Mosquito Fleet Memories

Mosquito Fleet Boat
The fishing industry in colonial Charleston was heavily dependent on the work of slave boatmen who were allowed by law to own their own vessels. Numerous accounts can be found of slave sales that advertise “skilled boatmen”, as well as plenty of stories about slaves who brought fish-catching and boat-handling skills from West Africa. Many of the early boats were hewn from large cypress logs and propelled by sails made from strips of home-made quilts and blankets.
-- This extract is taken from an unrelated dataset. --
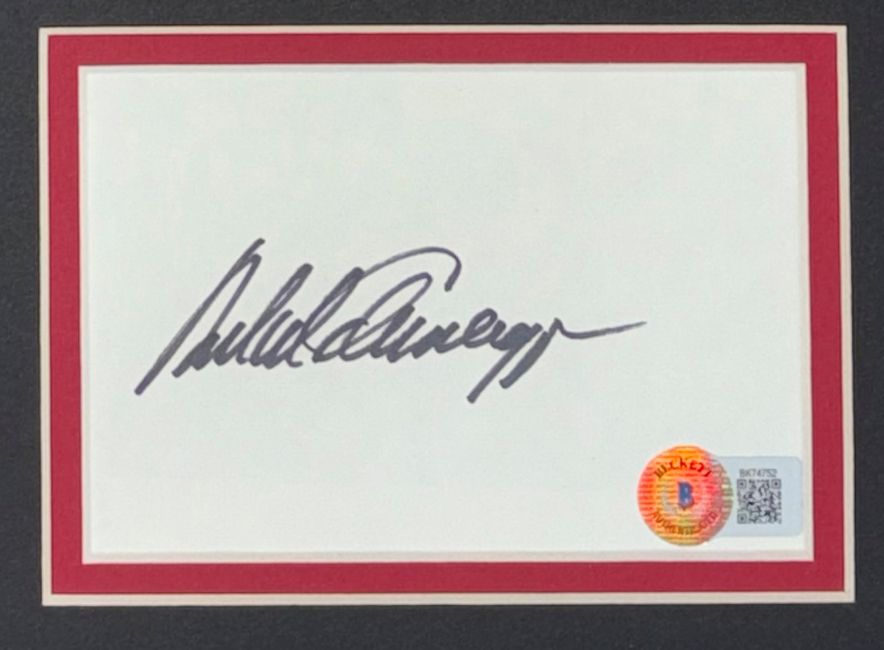 Featured is an Arnold Schwarzenegger signed cut signature. This cut has been hand signed by Schwarzenegger and comes with the Beckett hologram and letter of authenticity. This cut has been professionally framed and matted with an 8x10 photo and is approximately 15x22. This cut would make a great addition to any entertainment memorabilia collection!.

Launching from wharf areas along the Cooper River near the public market, these black boatmen sailed miles out to see without maps or compasses, but found their way by dead reckoning out to black fish banks to bring back hulls full of tautog, whiting, porgy and shark that was sold on the streets of Charleston. There was seemingly safety in numbers, and the fisherman would go out together as what became famously called “The Mosquito Fleet”. Long after emancipation, descendants of former slaves carried on the fleet’s tradition, but suffered severe losses in terrible storms in 1904 and 1915, which decimated their ranks. I interviewed one of the last of the Mosquito Fleet crew for a TV story in 1985, long after he had given up the fishing tradition. He told me that those generations of fisherman welcomed the treachery of open sea, which offered an unparalleled sense of freedom and accomplishment.